We all have one in the family. The person that doesn’t quite follow the rules. The one you hate to love. The same person that you complain about constantly but anyone else better not say a word against them. For me that person was my middle brother, Jason Brown. We fought like cats and dogs and went together like oil and water. You know that old saying “you never know what you got until it’s gone.” Well I can tell you first hand it’s true, and it hurts like hell when it’s gone.

Let’s start from the beginning. He was born in Louisiana at the Caldwell parish hospital on September 14, 1982. Dad paid cash for him. Mom said he was an easy birth but oh was he a curve ball in the making. They named his Darrel Jason Brown. He went by Jason. He was a curious and disobedient child. Getting switched and whipped near daily. Somehow mom always had a big soft spot for him, no matter how rotten he was. He was a terrible listener, wouldn’t follow instructions. When he started school they learned that he was deaf in his left ear. Dad sure felt bad about a few of them whippings after that.

I was born in eighty nine. Maybe he was sweet those first few years but if so I don’t remember them. I feel like the worst age gap you can put between children is 7-8 years. He was 14 and I was 7. I just wanted to do what he was doing, he didn’t want little sister cramping his style. If he didn’t accomplish anything else in life, he did a fine job of toughening me up for life. Despite black cats down my shirt, being left in a thicket of saw briers, my shoes stolen and forced to walk home on the ice in 97′, being ran over by a bike cause I was dumb enough to “let him jump me” I somehow survived my unruly childhood with Jason Brown. I could go on for days about the tricks he played on me. He got plenty of beatings for them too, he didn’t care though. He had no quit in him back in those days.
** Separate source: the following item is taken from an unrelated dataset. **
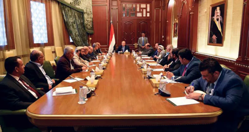 وطبقا لما نقلته الوكالة الحكومية (سبأ)، ألقى هادي كلمة في الاجتماع «جدد في مستهلها دعوته إلى الوقف الفوري لإطلاق النار» وأكد أنه «لا يمكن مطلقا للتمرد أو السلاح أن يحقق سلاما أو يبني دولة وأن المعركة الحقيقية والرئيسية هي مع الميليشيات الحوثية الإيرانية». وقال هادي الرئيس «لا يمكن القبول بأي احتكام للسلاح لتنفيذ مشاريع سياسية وأي تعد على الشرعية أو مؤسساتها هو انقلاب حقيقي سيقاومه شعبنا اليمني في كل مكان».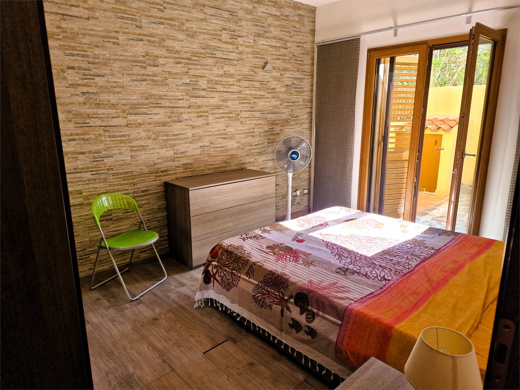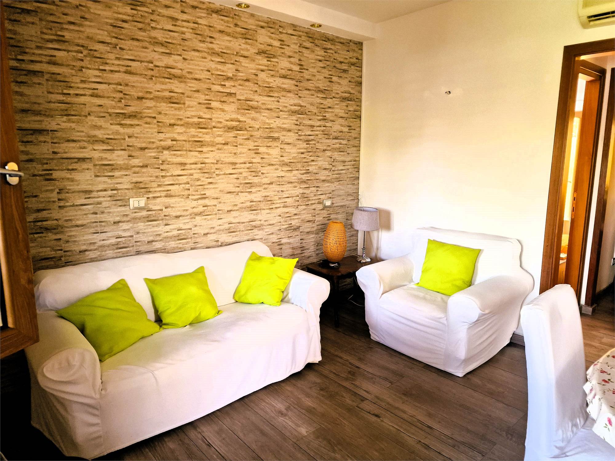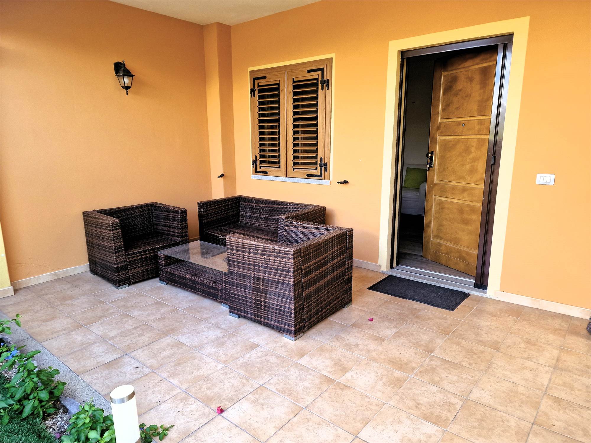 L’accesso all’abitazione avviene dal giardino frontale, che conduce al piano terra, dove troviamo un accogliente soggiorno con cucinotto separato, un bagno completo con doccia e una camera da letto con accesso diretto al giardino, che valorizza l’indipendenza e la fruibilità degli spazi esterni.

By the time I was 12 and he was 19 we got along much better. He was more mature and could handle my annoyances better. We spent many a summer day in a little hole on Sam Rayburn lake. We camped, we fished, we ran trot lines. We filled the freezer together, all out of an old flat bottom boat. He took me hunting more than any other person growing up. He taught me to shoot. He sure got a kick out of me firing off that heavy 12 gauge for the first time. I was around 11, all knees and elbows, it knocked me on my butt. He taught me to drive on the backroads by the lake, heading down to Parker’s point, our family camping spot. I also bulldozed a mailbox in that old truck one time. It was primered grey, with a little blue, and rust spots here and there. It was an 82′ Ford I believe. It was a standard with dusty old floorboards, the kind that stirs up when you’re going down the highway with the windows down cause you don’t have a fancy AC.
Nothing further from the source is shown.